If you like hiking, you can walk for hours from Vinzel in the direction of Lausanne, surrounded by vines. Vineyard village follows vineyard village – from Rolle via Saint-Prex and Tolochenaz to Morges. Here, you should definitely plan a visit to the Domaine Henri Cruchon, one of the best producers in the region. From Morges, it's not far to Crissier, where you'll find one of Switzerland's best gourmet restaurants, L'Hôtel de Ville. Franck Giovannini's creations are unique and a real culinary experience. The taste and texture of the dishes are masterfully matched and offer star cuisine at the very highest level – the crowning glory of our day.

Sunday

Vaud wine history at Château d'Aigle, plus a visit to Bex, the home of Switzerland's most famous salt works and a fabulous restaurant.

For our last night in Vaud, we check into the luxurious Chalet RoyAlp Hôtel & Spa. An oasis of calm in the heart of the spa town of Villars-sur-Ollon, southeast of Lake Geneva. From here you can reach the wine region of Chablais in half an hour, home of the legendary Chasselas Aigle les Murailles, which can confidently be called the most famous wine in Switzerland. Numerous wine cellars are worth visiting. First and foremost is Henri Badoux SA, which presses the famous Aigle les Murailles or Eidechsli-Wy, as it is affectionately called by the Swiss.

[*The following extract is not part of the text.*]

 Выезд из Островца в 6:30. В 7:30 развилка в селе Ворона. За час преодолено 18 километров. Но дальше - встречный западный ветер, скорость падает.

To the east of the village rises the iconic Château d'Aigle, an 11th century castle that now houses a wine museum. Right next to the castle is the restaurant La Pinte du Paradis restaurant – in addition to first-class bistro cuisine, you will find a large selection of regional wines here. It is perfect for a short refreshment stop. We continue to Ollon, where we pay a visit to the talented winemaker Bernard Cavé. Cavé, a master of finesse-rich, profound wines, cultivates various prestigious vineyards in Ollon as well as Aigle. His Chasselas, vinified in amphorae among other vessels, reveal a new dimension to the variety.

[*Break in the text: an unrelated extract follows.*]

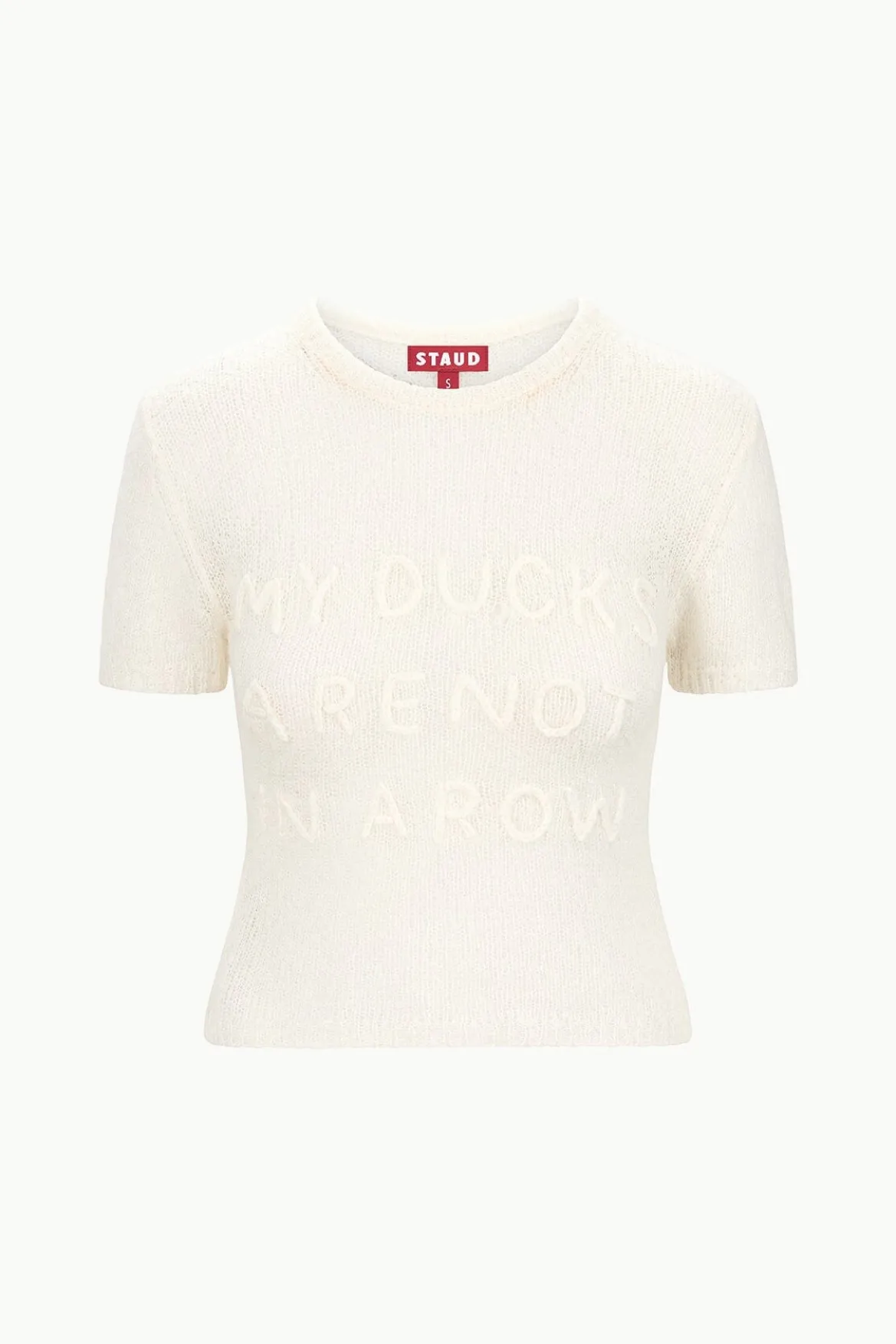 A playful fuzzy knit tee for the season, featuring “my ducks are not in a row” embroidery on the front “and one is probably a pigeon” on the back.

Further south in Bex is probably the best-known salt works in Switzerland. Craftsmanship is a big part of salt production here to this day. This is especially true in the production of Fleur des Alpes, a gourmet salt of the Swiss Alps, which is reminiscent of fleur de sel in its structure. For this salt, the salt-laden water is conveyed to evaporation vats. Fragile crystals form on the surface and gradually settle at the bottom of the basins and are then harvested by hand. For gourmets, a visit afterwards to the restaurant Le Café Suisse, also in Bex, is a must. Playful and fresh describes not only the annually changing interior of Café Suisse, but also the extravagant cooking style of young star chef Marie Robert. She cooks her way into many gourmets' hearts with her extremely creative compositions and fairytale presentation.